Gaskin's silent message was clear: I can be the man in the backfield.

"I know the guys on our team, they're motivated to play, period, so I don't think we need any extra motivation. Myles is a motivated kid. It's important to him. I wouldn't take much stock in that," Dolphins coach Brian Flores said. "He played well. Myles is tough, he's competitive, and he's been productive. ...

"Myles is really everything we're looking for in a Dolphin. ... He's done a really nice job, especially making the Year 1 to Year 2 leap. Great teammate and he really works at his craft, so a really competitive young guy and always trying to get better."

Gaskin is a 2019 seventh-round pick who played sparingly in his rookie season only after the Dolphins' top three backs -- Ballage, Kenyan Drake and Mark Walton -- all struggled, were traded or cut. The Dolphins signed much-respected power back Jordan Howard to a two-year, $9.75 million deal in March, and then traded a fifth-round pick for Matt Breida during the 2020 NFL draft. Miami felt it had a solid one-two punch with Gaskin simply competing for a roster spot.

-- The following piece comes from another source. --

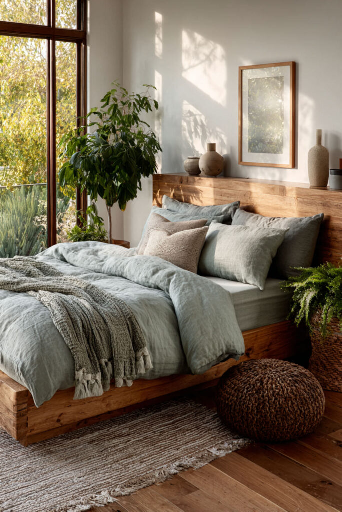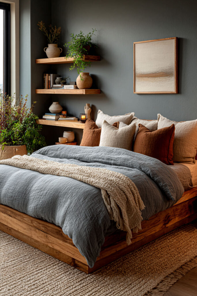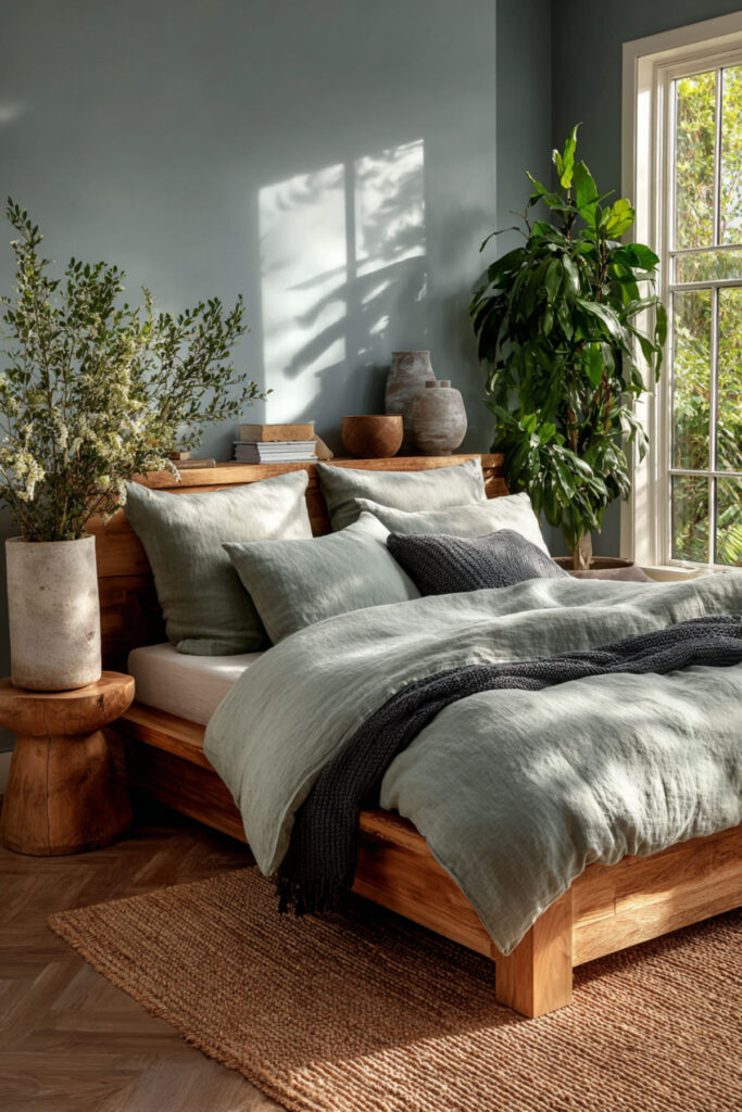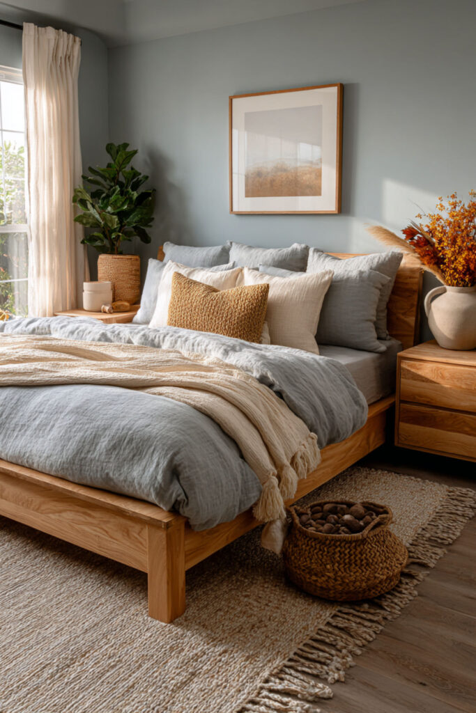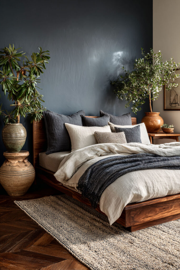 Japandi Bedroom with Earthy Blues and Natural Textures

The trait that makes Gaskin stand out is he runs hard and has a knack for finding positive yards out of nearly every run. Not super fast or super strong, Gaskin is a bit undersized and very few scouts had him pegged as a starting running back in the NFL.

Gaskin has led the Dolphins' backfield in snaps, touches and rushing yards in every game this season. He has played at least 63% of the offensive reps in every game while averaging over 18 touches per game. He's on pace for 1,392 total yards (rushing and receiving), which would be the most for a Dolphins running back since Jay Ajayi in 2016.

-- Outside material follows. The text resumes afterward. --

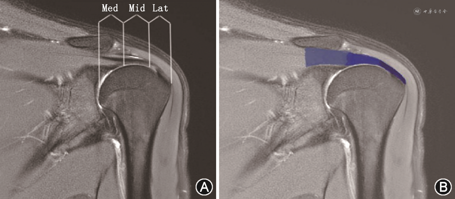 扫描完成后由2名具有10年以上骨肌系统疾病诊断经验的放射科医师独立阅片,使用GE主机定量磁共振图像编译(magnetic resonance image compilation,MAGIC)处理软件包进行图像后处理,生成 T1 mapping、T2 mapping 和 PD mapping 3组定量图谱。参照Ashir等[8]的研究方法,于T2WI斜冠状位图像上以肌肉-肌腱为单元根据肌腱的走形将冈上肌肌腱分为外侧亚区(指冈上肌肌腱纤维远侧插入区域)、中间亚区(指外侧亚区和内侧亚区连线的中点区域)及内侧亚区(指位于外侧亚区内侧方向2 cm左右、高于肱骨头软骨的区域),分别于肌腱的3个亚区勾画感兴趣区(region of interest,ROI),避开脂肪、积液及周围其他组织(图1)。ROI的勾画及测量分别由2名放射科医师(观察者1和2)独立完成,并在间隔至少2 周后重复测量数据,以评估观察者间和观察者内的一致性。最终的分析数据为2名医师4 次测量结果的平均值。
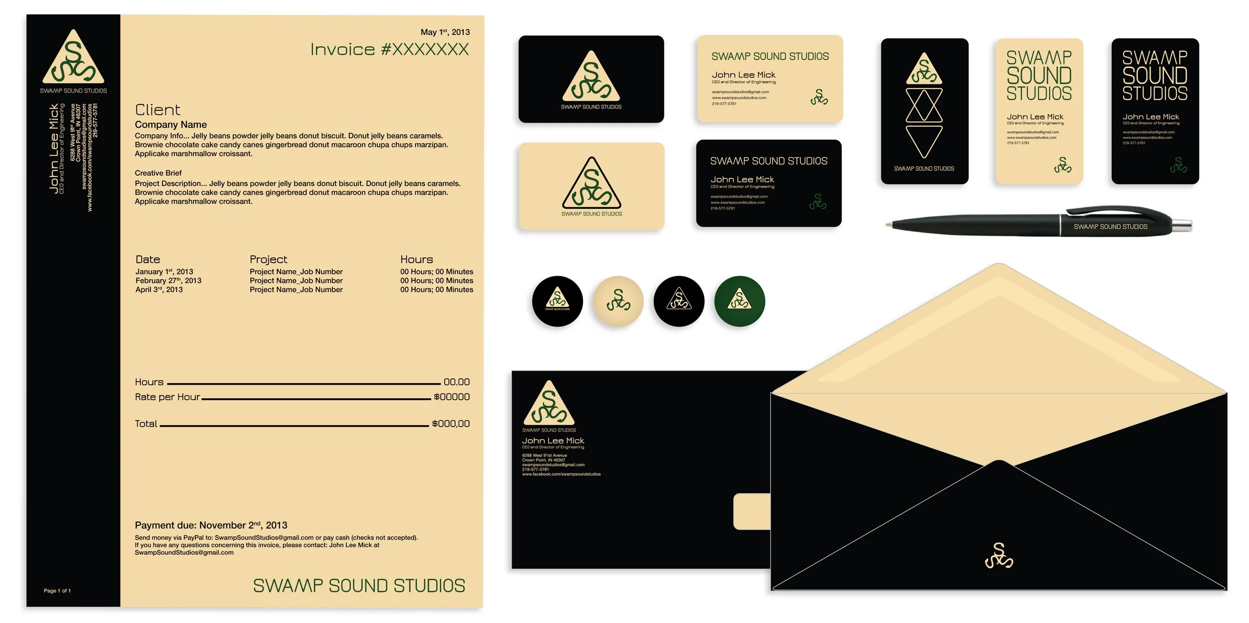 It was requested that this logo contained a triangle with three S's inside of it. We decided that it was only appropriate for the S's in a company named Swamp Sound Studios to become snakes. To complement the swampy feel of the brand, we chose a simple, nature-inspired color palette of green, tan, and black. Marketing collateral include stationery, flyers, buttons, pens, shirts, hats, brand photography, and a website: www.swampsoundstudios.com.

"Very thankful that the coaches are putting trust in me, but I think I can do a lot better personally, for myself and for this team. I just need to keep growing, and I think I've been on that path, just kind of learning from my mistakes each week and just trying to get better each and every day, not trying to be complacent at all," Gaskin said. "I give everything I can to this team and this organization."

Gaskin and Flores give a tremendous amount of credit to running backs coach Eric Studesville for the 23-year-old's development.

Studesville has spent time building up Gaskin's confidence, his mental game and making him a complete running back rather than a situational one. It's paying off as Gaskin is showing off his talent as a runner inside the tackles, a reliable receiver out of the backfield and a much-improved pass protector.

"He hits the hole fast and makes the right read all the time," Dolphins center Ted Karras said. "I'm excited to see what he does the rest of the season."

Gaskin arrived to training camp with a body more fit for a NFL season, and he stopped worrying about where he fit on the depth chart. With Studesville's help, Gaskin made it clear he was their most effective option in the backfield and he simply earned more playing time than the Dolphins' established veterans.

"I go back to what it is, I mean he came in from Day 1 and he has a tremendous work ethic. That has given him a chance," Studesville said. "That's a skill that is developed like anything else. He brings that and he uses that, and he's doing the same thing he did last year, working to learn and prepare and be ready. What we are seeing now is the confidence that he can go in and play and perform at a high level."

The Dolphins seem to have found their lead back for the rest of the 2020 season in Gaskin, even if it's a bit of a surprise. He's a Flores-type player: overlooked and overachieving.